Wednesday, September 5, 2012

At My Funeral...

You know what.....there are some real shitheads in the world.  The type of people who you despise to be around.  The type of people who give you anxiety because you never know what they are going to do, what they are going to say and who they are going to offend.  I HATE those people, I hope I am not one of those people to anybody.  I know in high school some people thought I was an asshole, this was never my intention.  I wanted to be cool with every group of people from goth to jocks to valley girls to nerdy guys to nerdy girls to hispanics to blacks to whoever was roaming the halls.  Unfortunately I did not come off this way to a few people and for that I would like to apologize.  I told my stepdaughter a few months ago that if a dude is mean to you it probably means he likes you.  Maybe that was my problem, maybe I just had a crush on the people I was mean to.  Right now I don't know.....I am happily married to a gangster ass chick who lets me be me.  This brings me to my point, I think a lot of people do not realize the impact they have on other people.  How do you want to be remembered when you are worm food?  What do you want people to say about you?  I have decided to tell you how I hope I am remembered after I die. 

When you all stand up at my funeral and talk about me I hope it goes something like this


Justin Matthew Czarnecki was a good dude, sometimes he thought he was black and had often been called a "wigger".  Through his college years he was the only white person I knew who was draped in P. Diddys clothing line Sean John.  He is a lover of hip hop and R&B and boy bands.  Justin loved his family and although his wife Jessica sometimes wanted to murder him, she understood him and let him be an asshole because that is who he was.  His stepdaughters could count on him if they needed anything whether it was a TI-84 calculater or support at a sporting event they knew he would be on the sideline talking about his glory days and how he once struck out 20 out of 21 batters when he was 15 against the Cardinals during the first game of the senior season.  Justin wouldn't want his funeral to be a time of tears and emotions.  Instead he would rather there be a 2 drink minimum and 2Pac on the speakers bumpin "Bury Me a G".  Justin would want you to tell stories about how he made you laugh, how he made you feel better about yourself or the time he bought you 5 drinks and you never bought him one back.  He wasn't a handyman, he couldn't hook up a VCR, he wasn't sure how to use a wrench. but he was a cool ass dude and someone I know would help me if I had a problem.  He enjoyed his relationships he had with his best friends and their families, but he is probably happy he never has to go to another kids birthday party.  The thing that bothered Justin the most was facebook status' that included talking shit about your ex-partner, political nonsense, pictures of your food and people who were begging for help and or attention.  He secretly hoped all those people would find the dirt before he did.  Justin was a firm believer that the day he died nothing would happen other than everything fading to black and his corpse becoming a buffet for all insects and creatures who were hungry.  Above all he wanted to make sure his family and friends were happy with the life they chose.  The last thing he hoped is that his funeral would be an all day party that included bottle service, grinding, rap music and everyone being happy.  Cheers to Justin, Czar, Bobby, Bows, Frozen Toes, Biscuits, Juice and anything else you called him. 

Please make my funeral a party and remember to pour a little out.

I don't want people at my funeral talking about how much I was disliked.  I encourage everyone to make a firm impact on everyone you come across.  Say something people will remember forever, don't waste your life being the person who thinks they know everything.  Make people smile it will be part of your legacy.

Hugs and Handpounds,

Czar

1 comment:

  1. It is an honorable gesture to make right the errors of one's former ways.
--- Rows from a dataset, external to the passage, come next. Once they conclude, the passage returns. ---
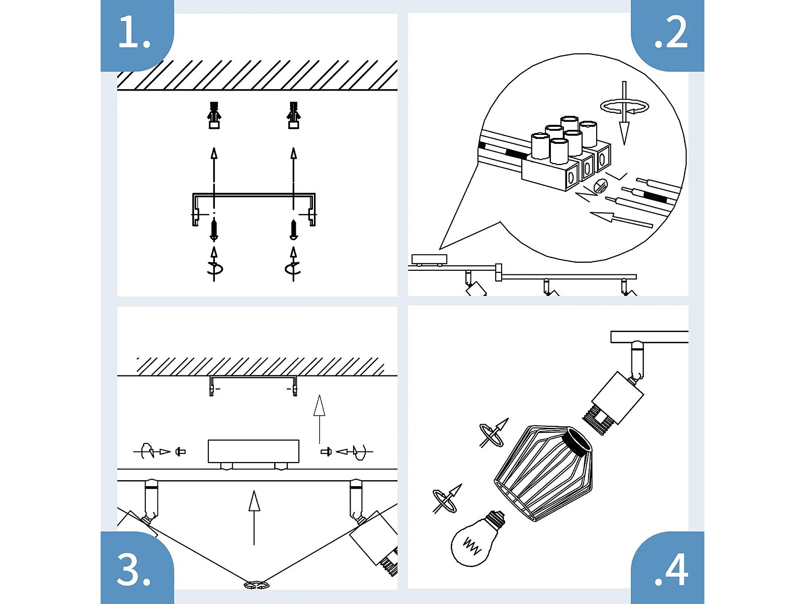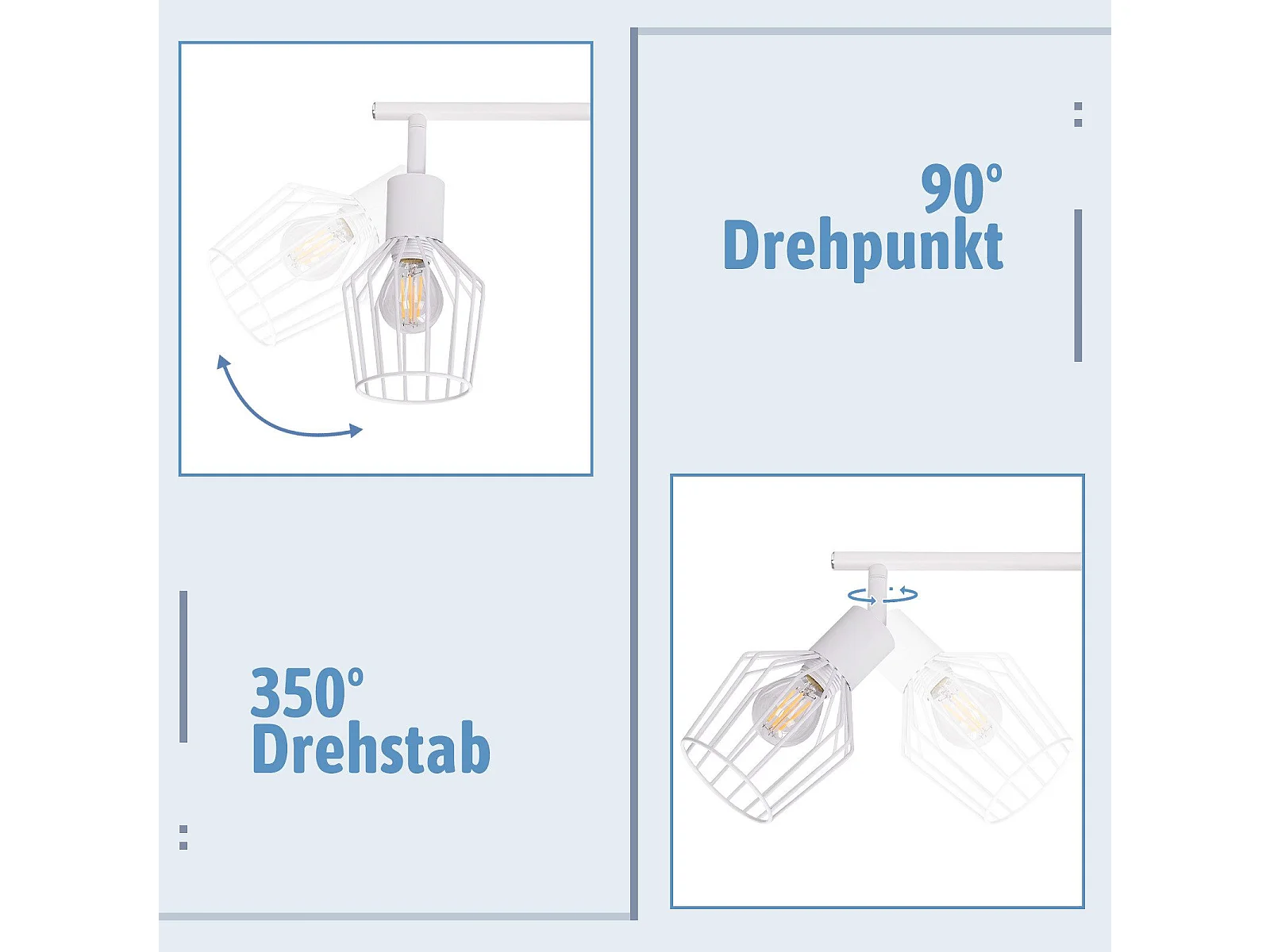 NETTLIFE Spot de plafond vintage E14 intérieur orientable à 350° blanc 4 ampoules rond pour salon d'hôtel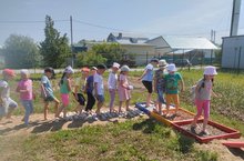 Девиз детей старшей группы "В здоровом теле - здоровый дух" и с удовольствием занимаются на тропе здоровья. Воспитатель: Хисамова А.Р.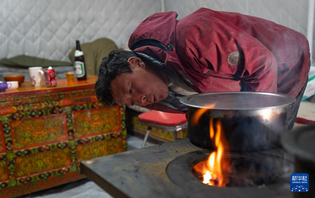 1月10日,在定結縣郭加鄉(xiāng)切村安置點,群眾在救災帳篷里生火。新華社記者 丁增尼達 攝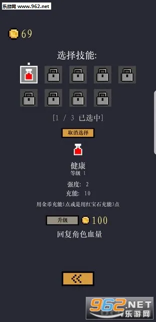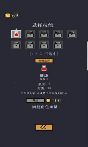 3、丰富技能升级:选择要玩的角色后可挑选3个技能并对其升级,增强角色战斗能力。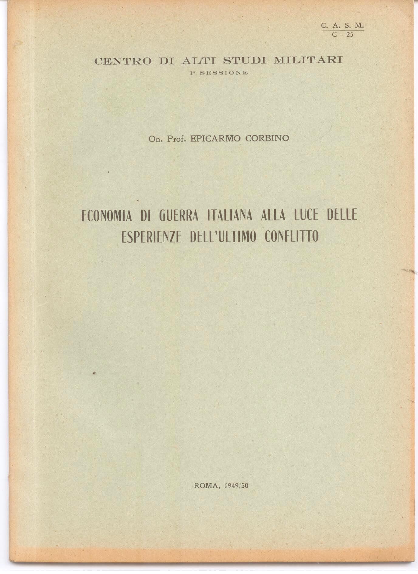 titolo completo della conferenza: "Economia di guerra italiana alla luce delle esperienze dell'ultimo conflitto" tenuta dall'On. Prof. Epicarmo Corbino. |
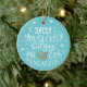Celebrate your engagement with this fun and modern ceramic ornament. The front features a trendy hand-lettered caption that reads "2021 you sucked! But yay, we got engaged!" in white hand-lettered fonts over a light blue background, and is decorated with snowflakes and an illustration of two engagement rings.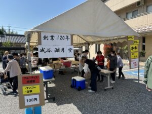 屋台コーナーでは、まつりには欠かせないたい焼き・たこ焼き(山田商店さん)、その他にも洋菓子(パティスリーキキさん)、和菓子(成谷湖月堂さん)、焼き菓子(あぷりこさん)の甘い香りが漂い、さらにインドネシア料理(よなご幸朋苑職員)のスパイシーな味わいも楽しめるなど、多彩なグルメが並びました。ご利用者をはじめ、ご家族や地域の皆さまにも大変ご好評をいただきました。
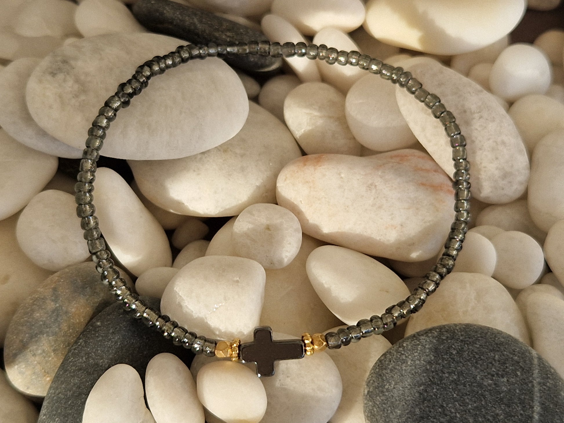 Graphique et élégant, ce bracelet joue la carte du minimalisme avec ses perles de rocaille grises et sa croix en hématite métallisée.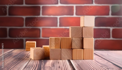 © Verdiana, Obraz premium Wooden blocks built on wooden boards and faded brick backgrounds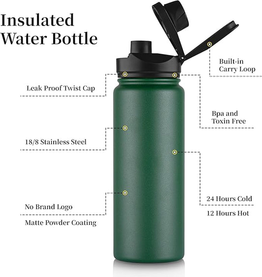 24 oz Insulated Water Bottle with Straw Lid & Wide Mouth Lids, Stainless Steel Sports Water Bottles, Double Walled Vacuum, Leak Proof, Dark Green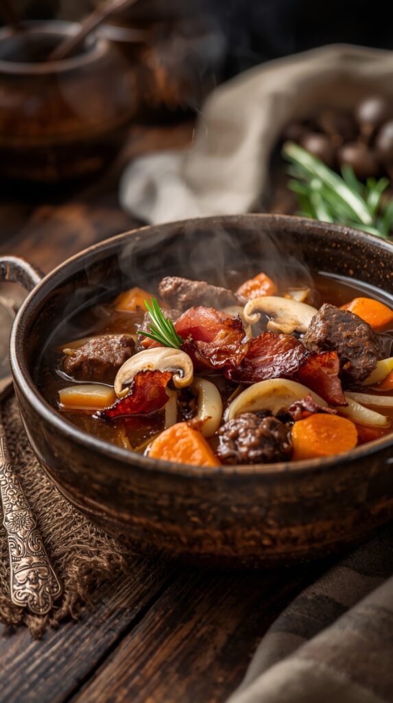 Warm up your kitchen with this rich and savory Beef & Bacon Mushroom Stew. Tender beef, smoky bacon, carrots, mushrooms, and aromatic rosemary simmer low and slow to create the ultimate comfort food. Perfect for cozy nights, meal prep, or family dinners.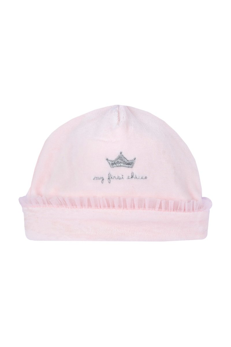 Geborduurd kroonmotief en belettering aan de voorkant.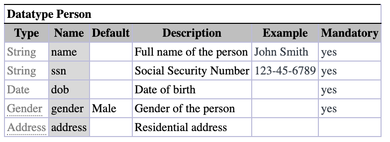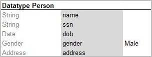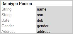 Consider the case when a hierarchical logical data structure must be created. The following example of a Datatype table defines a custom data type called Person. The table represents a structure of the Person data object and combines Person’s data elements, such as name, social security number, date of birth, gender, and address.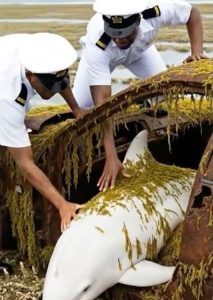 The rear hatch had fallen open at just the wrong angle, and the dolphinโs sleek body was wedged tight against the corroded metal. Her fins thrashed weakly, and I could see panic in her eye โ intelligent, aware, and desperate.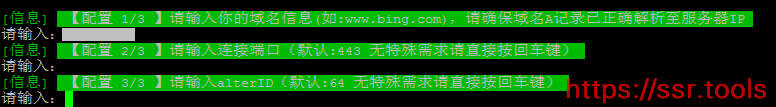 2.脚本运行后会自动开始安装,安装过程中需要依次填写域名、端口、alterID,如下图所示。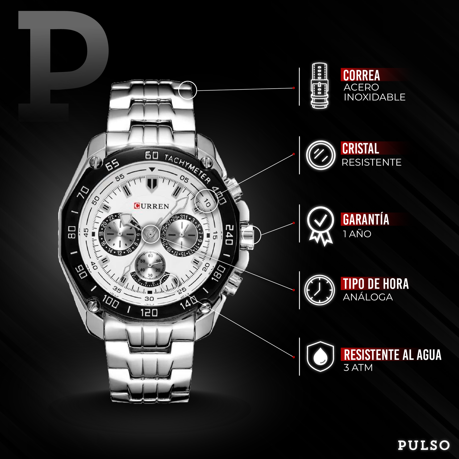 • Material de la correa: Acero Inoxidable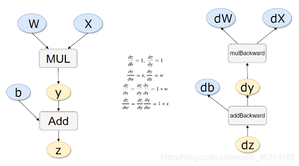 # 計算流量 x = torch.rand(1) w = torch.rand(1, requires_grad=True) b = torch.rand(1, requires_grad=True) y = w * x z = y + b print(x.requires_grad, w.requires_grad,b.requires_grad, z.requires_grad) print(x.is_leaf, w.is_leaf, b.is_leaf, y.is_leaf,z.is_leaf)
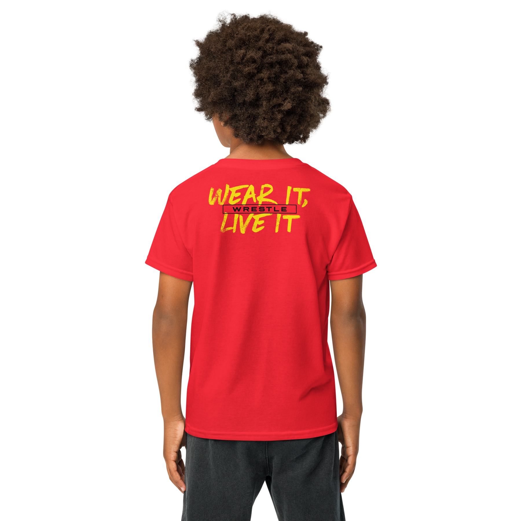 A must buy for your rising star of the mat. This lightweight and incredibly soft tee is more than just a shirt; it's a statement of ambition and skill for any young wrestler. Featuring a unique and bold design, it helps your child stand out with style and confidence, both on and off the mat.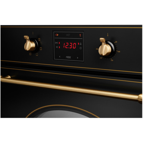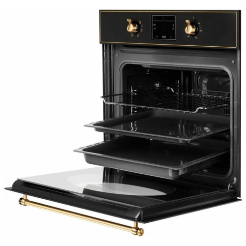 Не знаете, каким прибором дополнить элегантную классическую кухню? Оптимальным вариантом станет приобретение электрического духового шкафа SR 615 B Bronze чёрного оттенка с бронзовой фурнитурой. Эргономичный агрегат способен не только удачно вписаться в интерьер, но и выполнять множество функций: 6 автоматических программ, готовка блюд на гриле с использованием разных модификаций; разморозка полуфабрикатов; светодиодное освещение; Встраиваемый духовой шкаф SR 615 B Bronze от немецкого производителя прослужит максимально долго, благодаря высокому качеству сборки.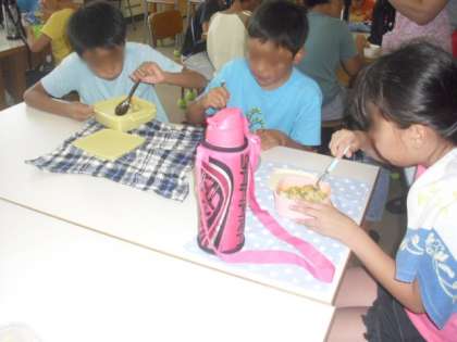 後半は、毎年恒例となっているバングラデシュのカレーをおいしくいただきました。朝早くから、本校のアルミ缶実行委員会の保護者の皆さんが作ってくださったスパイス・愛情たっぷりのカレーです。いつも食べているカレーと比べてルーのとろみは少ないのですが、ご飯との相性がよく、鶏肉にしっかりと味がしみこんでいて、本当においしかったです。あまりのおいしさに、どの子も夢中になって食べていました。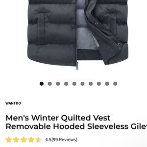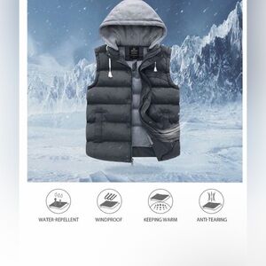 Men's Winter Quilted Vest Removable Hooded Sleeveless Puffer Vest Size M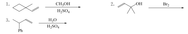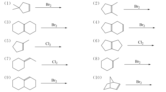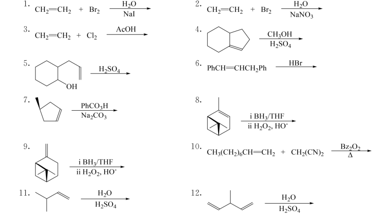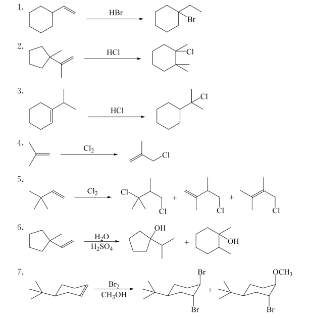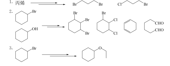 2.化合物A(C7H12)与高锰酸钾作用后,得到环己酮.A用酸处理转化成B,B与溴作用,生成化合物C,C与氢氧化钾乙醇溶液共产生D,后者经臭氧化-还原水解,给出丁二醛和丙酮醛.试推导A~D的结构.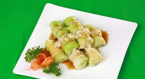 蒜茸腊白菜卷毫角聚是一道非常美拉味的食物。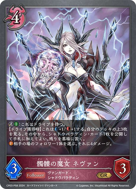 他の画像を見る 販売価格 ¥ 90 〜 ¥ 230 税込 販売価格 ¥ 税込 状態A 状態B 状態C 状態D 髑髏の魔女 ネヴァン(CP03-P58)[GR・プレミアム] 商品詳細を見る お気に入りに登録する 在庫切れ

I was there, but on the receiving end. It created painful memories, but only motivated me to become a better person...for me. Bullying is a sad phenomenon. I think your entry may teach others to think about their intended actions and prevent them from actually going through with them. I hope. Every human has flaws, but it takes a bigger person to publicly take ownership of them. It also takes a bigger person to make a conscious effort to keep them at bay. I cannot speak for the other FHS "nerds" of '98, but thanks for being apologetic. It may not change the past, but it brightens the future.